The FBI is truly starting to be more and more in the dark.
http://www.npr.org/sections/alltechconsidered/2016/03/23/470573608/the-apple-fbi-whodunit-whos-helping-the-feds-crack-the-locked-iphone
The Touch ID sensor talks directly to the Secure Enclave. The Secure Enclave is a separate processor inside the phone, that does not run iOS, it runs a different operating system using the L3 Kernel. The L3 kernel was developed at University of New South Wales in Australia, and is one of a very few kernels to have undergone verification to a level where it has been mathematically proven to be bug-free. This is extremely unusual and very rare. Because of this it is a very simple kernel, and whilst its not powerful enough to run the entire phone, it is complex enough to do a few important things - encrypt data, generate (very) random numbers and manage cryptographic keys.
The Secure Enclave is cryptographically paired with the TouchID sensor in the device at time of manufacture, and Apple does not know what this 256 bit key is. This prevents an attacker from swapping out the TouchID sensor for a bogus one that presents to be the real finger.
The Secure Enclave also does not trust the A-series Application Processor that actually runs iOS, until the user has entered the device passcode. Why ? Because it is the Secure Enclave basically acts as a bouncer at the door , to the club where all the cryptographic keys are partying, and it never lets iOS in. I guess Jony Ive didn't make its UI cool enough. However, it WILL pass notes to the cryptographic keys on behalf of iOS.

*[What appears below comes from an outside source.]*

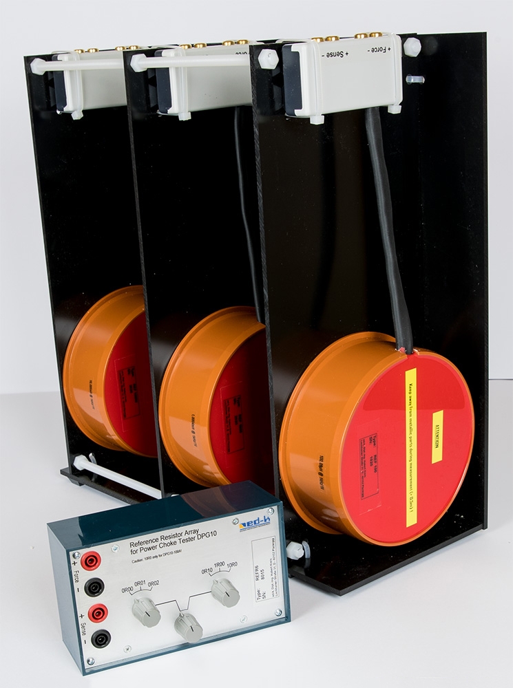 At each calibration we open the devices and subject them to a thorough visual inspection. We also check the function of internal safety devices and circuits. For the factory calibration, we use specially developed, self-made inductance standards, which meet the special requirements through the pulse measurement procedure of our devices. Other inductance standards commonly used in calibration laboratories are usually unsuitable because they are neither designed for high pulse currents nor have sufficient frequency response. Since our devices can also operate with very short pulse times of <3 μs, the frequency response of the ohmic resistance is also important for the precision of the inductance measurement. For customers from overseas, we offer a calibration kit including calibration instructions, which can be used to perform the calibration either by itself or by a local calibration laboratory. It contains three long-term stable, very accurate inductance standards (100 μH, 1 mH, 10 mH) in the ABS / PA rack, a low impedance switchable resistor array (6 values from 10 mΩ to 10 Ω, < 0,08%, TK < 20ppm) and a test lead set. For the model DPG10-100B, DPG10-3000B and DPG10-4000A additional inductance standards are necessary, which can be supplied separately.

So when a user types a passcode, iOS doesn't work out if its valid or not, it has to ask Secure Enclave if its valid or not, the SE just says "yes" or "no", or in some cases iOS passes it what it thinks are the keys, and if the keys are valid, the SE hands back the decrypted object.
Amongst other things, what that means is that the Secure Enclave can make up its own rules as to when it trusts iOS and TouchID or not.
- 48 hours elapses without unlocking the phone ? Stop trusting Touch ID and iOS, and require the passcode to be re-entered
- Reboot the Phone ? Stop trusting TouchID and iOS and require the passcode to be re-entered
- 3 incorrect Fingerprint reads ? Stop trusting TouchID and require the passcode to be re-entered
All of this is explained here: https://www.apple.com/business/docs/iOS_Security_Guide.pdf
What Apple has done is not perfect, but it sets a very high standard compared to the industry as a whole.
So if you arrest someone with a TouchID capable device, and you want to unlock it, if they reboot the phone, then the passcode is the only way to unlock it. If they don't reboot the phone, you have less than 48 hours to use their fingerprint to unlock it, after which the passcode is the only way to unlock it.
Or you can be smart, and understand human behaviour, like the British police, and side step the whole issue that US law enforcement has run into with its heavy handed approach, and seize the phone while its unlocked :
http://www.businessinsider.com.au/cops-seized-terror-suspect-junead-khan-iphone-going-undercover-encryption-britain-2016-4?r=UK&IR=T
What you are missing is that all that talk about how easy it is to defeat TouchID with fancy printers and lifted finger prints is total bullshit. The current battle between Apple and the FBI has laid bare all the crap being put out there by posers claiming to have ways into any device. Where the rubber hits the road they fail. It’s all talk and no substance.
99.999% of ‘jailbreakers’ are clueless posers who talk the talk but can’t walk the walk.